#### [Your goal]
With the pictures set aside, return the lines below exactly, beginning at the first and ending at the line containing "Christmas tree ornaments".

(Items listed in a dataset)
======
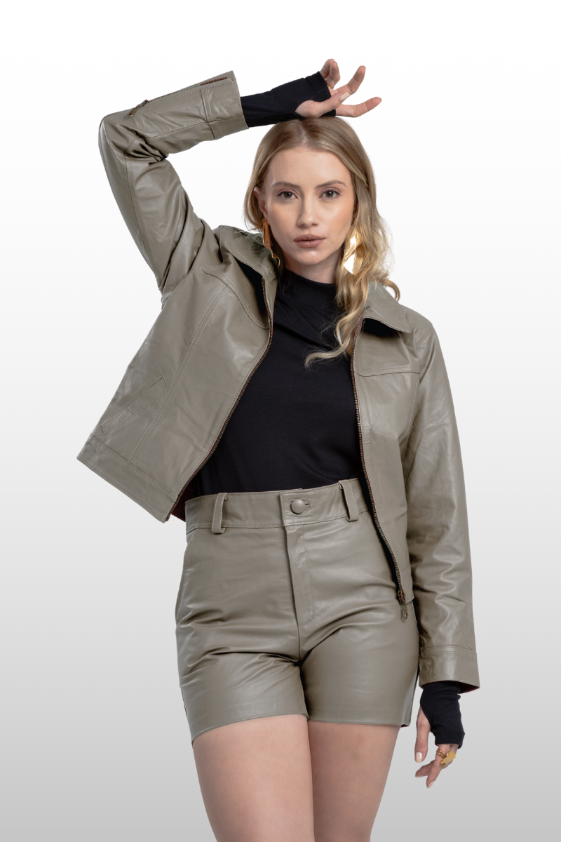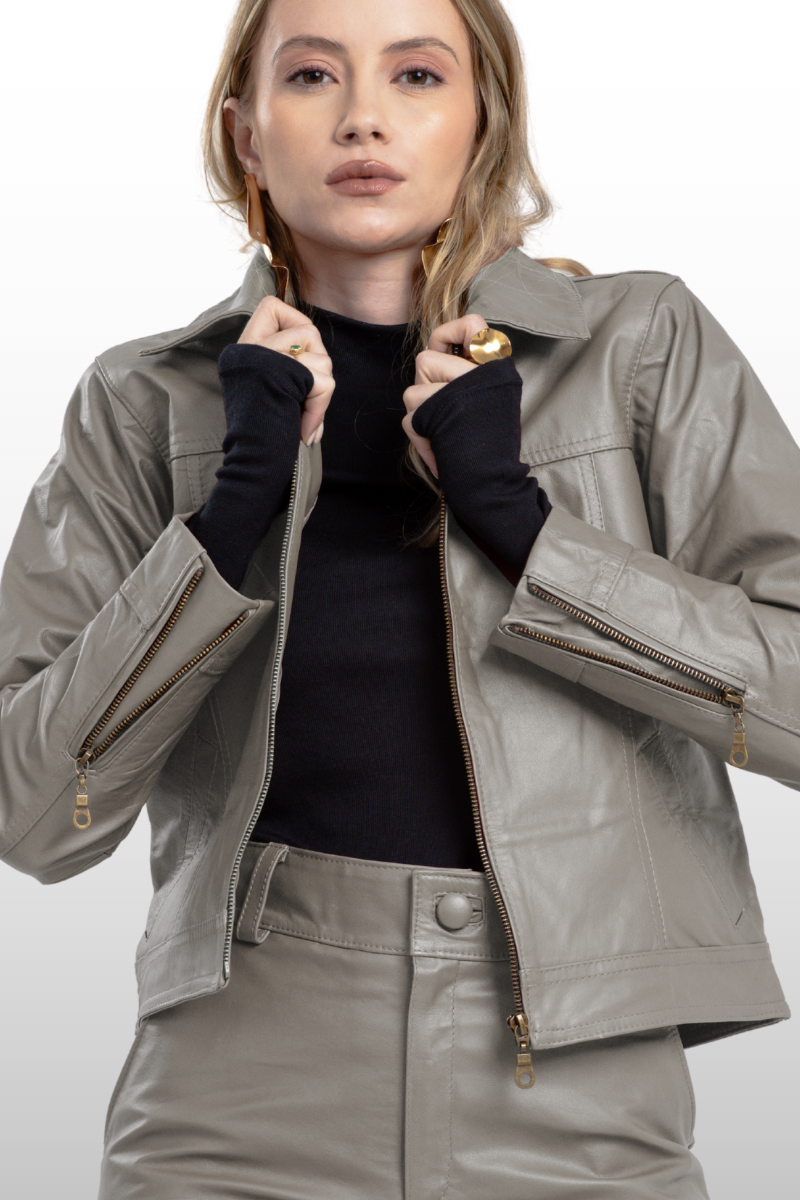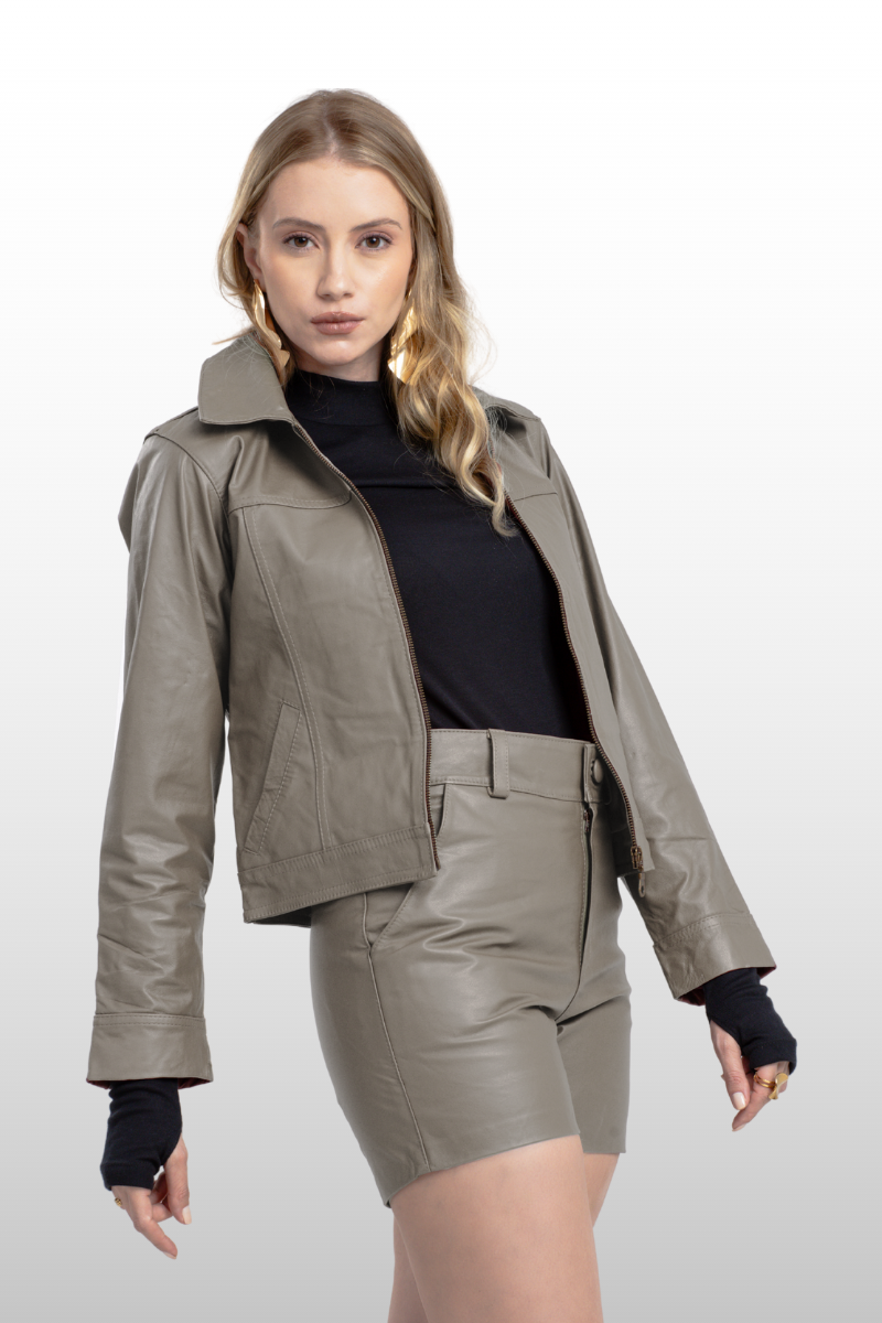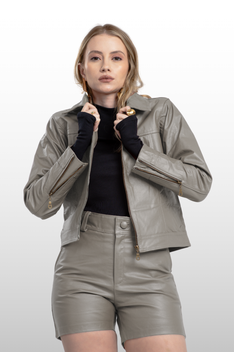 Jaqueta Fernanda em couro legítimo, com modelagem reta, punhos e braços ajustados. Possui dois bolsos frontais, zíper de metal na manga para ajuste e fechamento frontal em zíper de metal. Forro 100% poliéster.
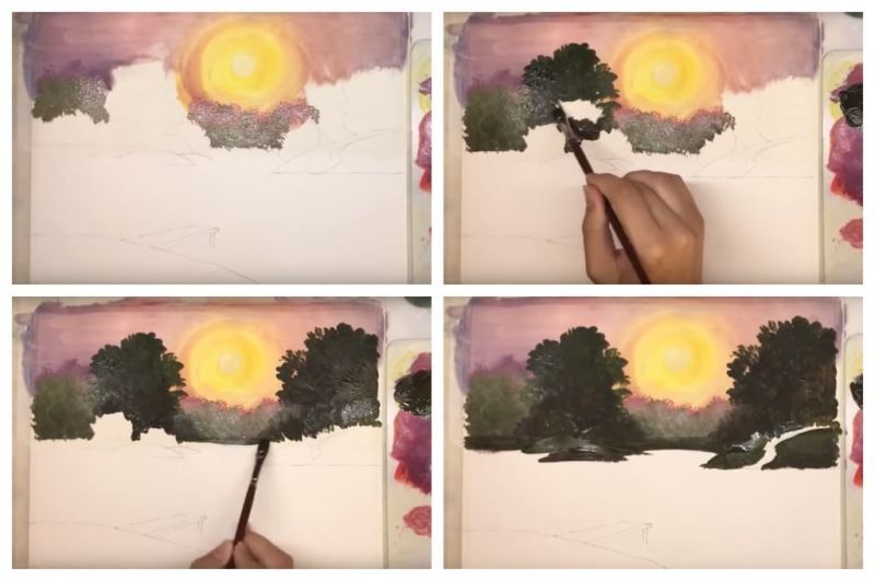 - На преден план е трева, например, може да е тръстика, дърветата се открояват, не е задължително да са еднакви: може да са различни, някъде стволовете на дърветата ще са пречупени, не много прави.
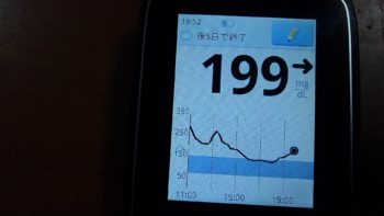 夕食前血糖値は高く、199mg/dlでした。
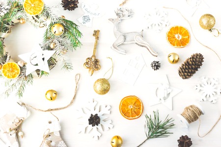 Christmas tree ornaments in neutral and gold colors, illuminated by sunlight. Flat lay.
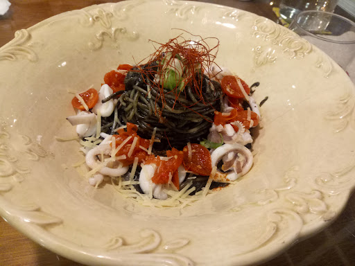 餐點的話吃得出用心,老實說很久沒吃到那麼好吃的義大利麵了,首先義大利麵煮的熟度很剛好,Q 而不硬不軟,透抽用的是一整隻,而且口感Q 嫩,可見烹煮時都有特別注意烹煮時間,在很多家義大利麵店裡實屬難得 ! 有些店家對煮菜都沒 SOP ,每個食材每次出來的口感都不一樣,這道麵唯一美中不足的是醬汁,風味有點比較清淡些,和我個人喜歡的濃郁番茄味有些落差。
======
#### [Answer to this task]
 Jaqueta Fernanda em couro legítimo, com modelagem reta, punhos e braços ajustados. Possui dois bolsos frontais, zíper de metal na manga para ajuste e fechamento frontal em zíper de metal. Forro 100% poliéster.
 - На преден план е трева, например, може да е тръстика, дърветата се открояват, не е задължително да са еднакви: може да са различни, някъде стволовете на дърветата ще са пречупени, не много прави.
 夕食前血糖値は高く、199mg/dlでした。
 Christmas tree ornaments in neutral and gold colors, illuminated by sunlight. Flat lay.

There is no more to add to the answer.